I'll take care of it.
from hyrise-v1.
The Postgres approach provides fewer transactional guarantees though: "The above assumes the default
read committed isolation level". Currently (ignoring the problem above), we guarantee serializable transactions. As far as I understand it, the Postgres approach would introduce lost updates, phantom reads, and non-repeatable reads.
from hyrise-v1.
Basically, we are not changing much: The CID becomes the end timestamp and we add a creation timestamp. The creation timestamp is written once together with the CID of the insertion commit. Validity rules remain as there are with the addition of the creation check.
A record with an end CID is not valid
A record with a creation CID is valid
A record with no CIDs and a TID is currently written
...
David has a state table for that I think...
from hyrise-v1.
do we actually need the valid bit then?
from hyrise-v1.
nope...
from hyrise-v1.
Ok, so if I get this right we would have the following for each row: TID, BeginCID, EndCID.
When writing the following states should occur (ignoring inconsistent states):
v.TID | v.BeginCID | v.EndCID | LastCID | Status |
---|---|---|---|---|
-- | Inf | Inf | 12 | Init |
5 | Inf | Inf | 12 | Insert uncommitted |
5 | 13 | Inf | 12 | Insert commit in prog. |
5 | 13 | Inf | 13 | Insert committed |
-- | 13 | Inf | 13 | Insert committed (cleaned up) |
-- | 13 | 14 | 13 | delete commit in prog. |
-- | 13 | 14 | 14 | delete committed |
For the version visibility this results in:
v.TID == tx.TID | tx.LastCID >= v.BeginCID | tx.LastCID >= v.EndCID | Keep? | Comment |
---|---|---|---|---|
yes | yes | yes | No | Impossible |
no | yes | yes | No | Past Delete |
yes | no | yes | No | Impossible |
(yes) | yes | no | No | Own Delete (delete list in TM) |
no | no | yes | No | Impossible |
yes | no | no | Yes | Own Insert |
no | yes | no | Yes | Past Insert, Future Delete |
no | no | no | No | Uncommitted Insert, Future Insert |
Anything I missed?
from hyrise-v1.
We had a discussion about the implementation of deletes yesterday:
Having the delete list in the transaction manager might turn into a performance issue, depending on how many deletes we have. If ValidatePositions has to check for the existence of a deletion entry in the delete list, the best we can achieve O(log n).

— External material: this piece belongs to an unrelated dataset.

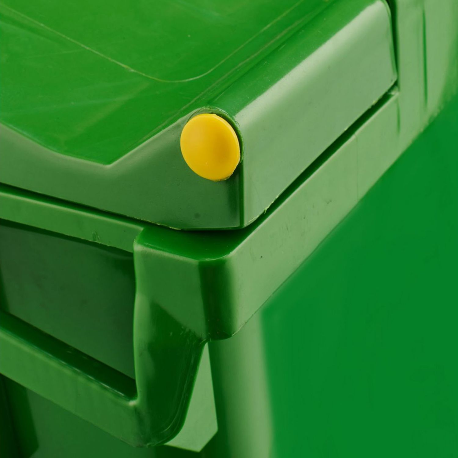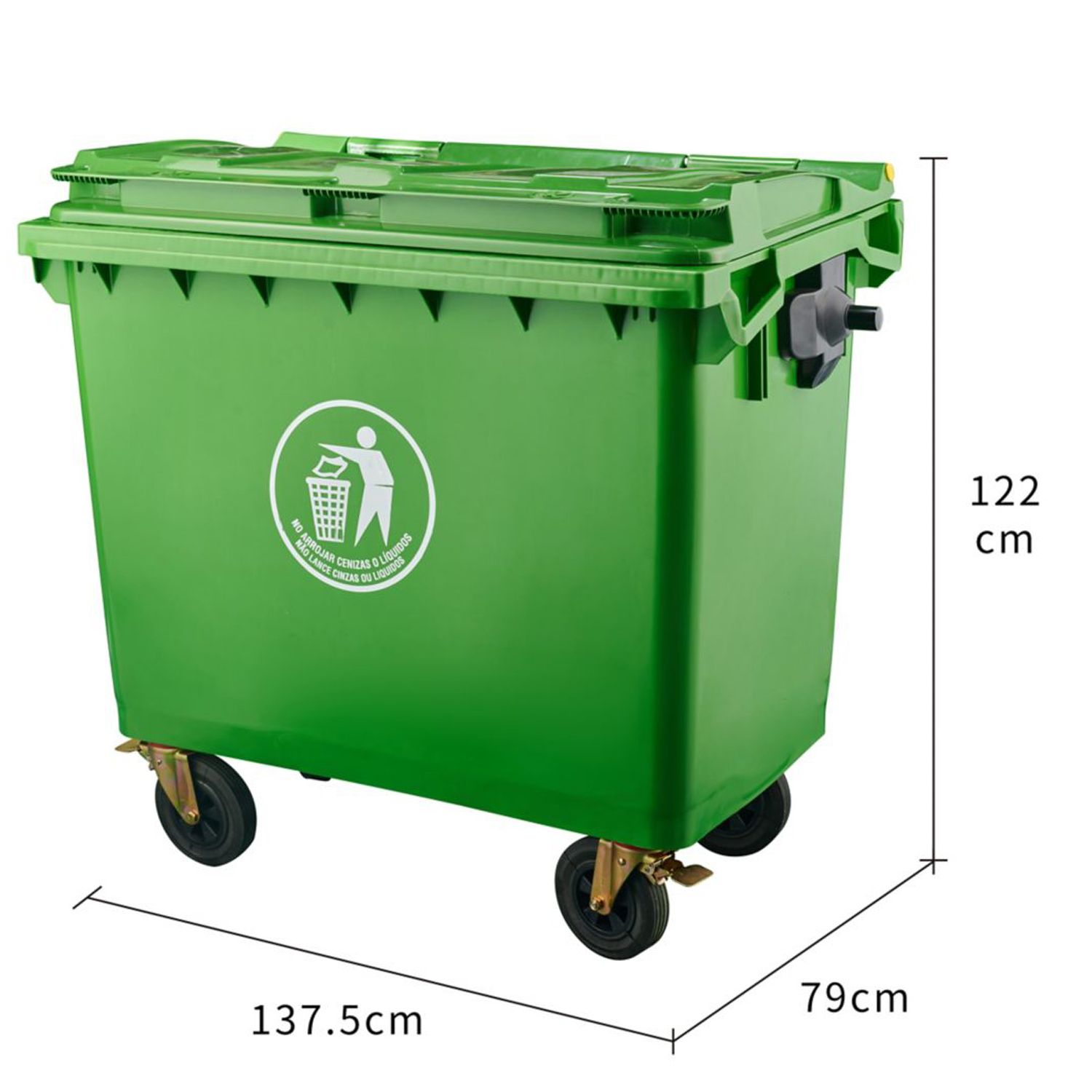 Este contenedor de basura manual, fabricado en plástico, cuenta con una capacidad volumétrica de 630 l. Sus dimensiones son: 137.5 cm de largo, 79 cm de ancho y 122 cm de alto. Además, posee ruedas y tapa para facilitar su uso y transporte. Su color es verde.

The other idea would be to use some kind of delete lock, which could be implemented by reusing the TID. As you can see in the first table above, we do not need the TID field any more as soon as BeginCID is set. What we could do is to add a "delete uncommitted" state with the TID set to the TID of the deleting transaction and leaving the other fields untouched.
This might cause live locks when two transactions try to delete two rows in a different orders and always have to get aborted. However, this case does not violate the ACID criteria. Also, it can happen in other databases, like in MySQL.
from hyrise-v1.
Just my two cents here: validate positions will always preform a sequential scan over the deleted positions thus this is not o(LOG N). During the scan it will evaluate of it can commit.

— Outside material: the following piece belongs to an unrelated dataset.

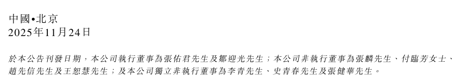 非执行董事张麟先生,因工作调动,已向董事会提呈辞任非执行董事及董事会发展战略与ESG委员会委员的职务。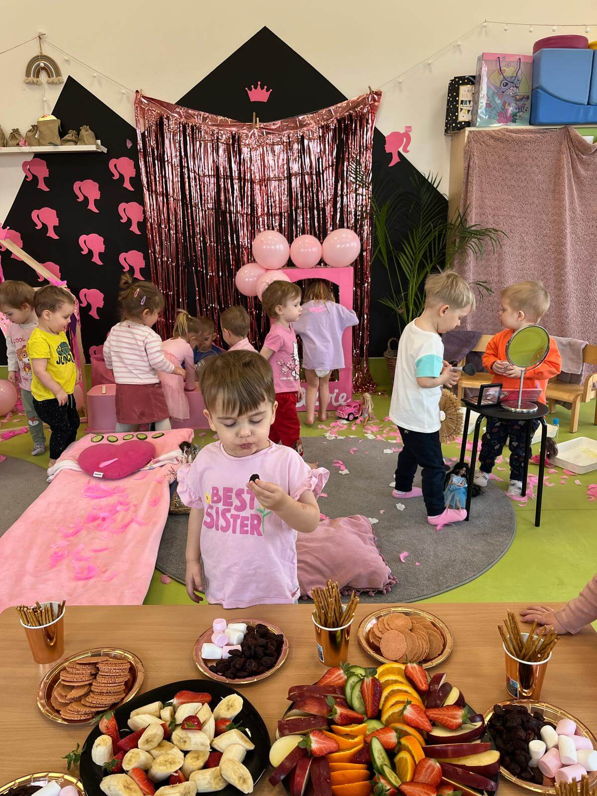 🌸 Dzień Kobiet w naszej grupie był naprawdę wyjątkowy! Tym razem przenieśliśmy się do świata Barbie – ciocie przygotowały dla maluchów mini SPA oraz salon piękności! 💅💄 Dzieci mogły zrelaksować się w cudownym, różowym otoczeniu, poczuć się jak prawdziwe gwiazdy! ✨

However this does not solve the serialization of commits if they're executed in parallel as the is no possibility to mark a row as delete pending.
A way to mark rows as pending would be great and we can use the tid field for that.
If tid and begin cid is set it's a pending delete while a tid and no begin cid is a insert.
Open question : how to delete your own writes? How to handle abort and rollback of transactions correctly.
from hyrise-v1.
Regarding the decision if a transaction can commit or if it detects conflicts, we clearly need the list of deleted positions inside the TM.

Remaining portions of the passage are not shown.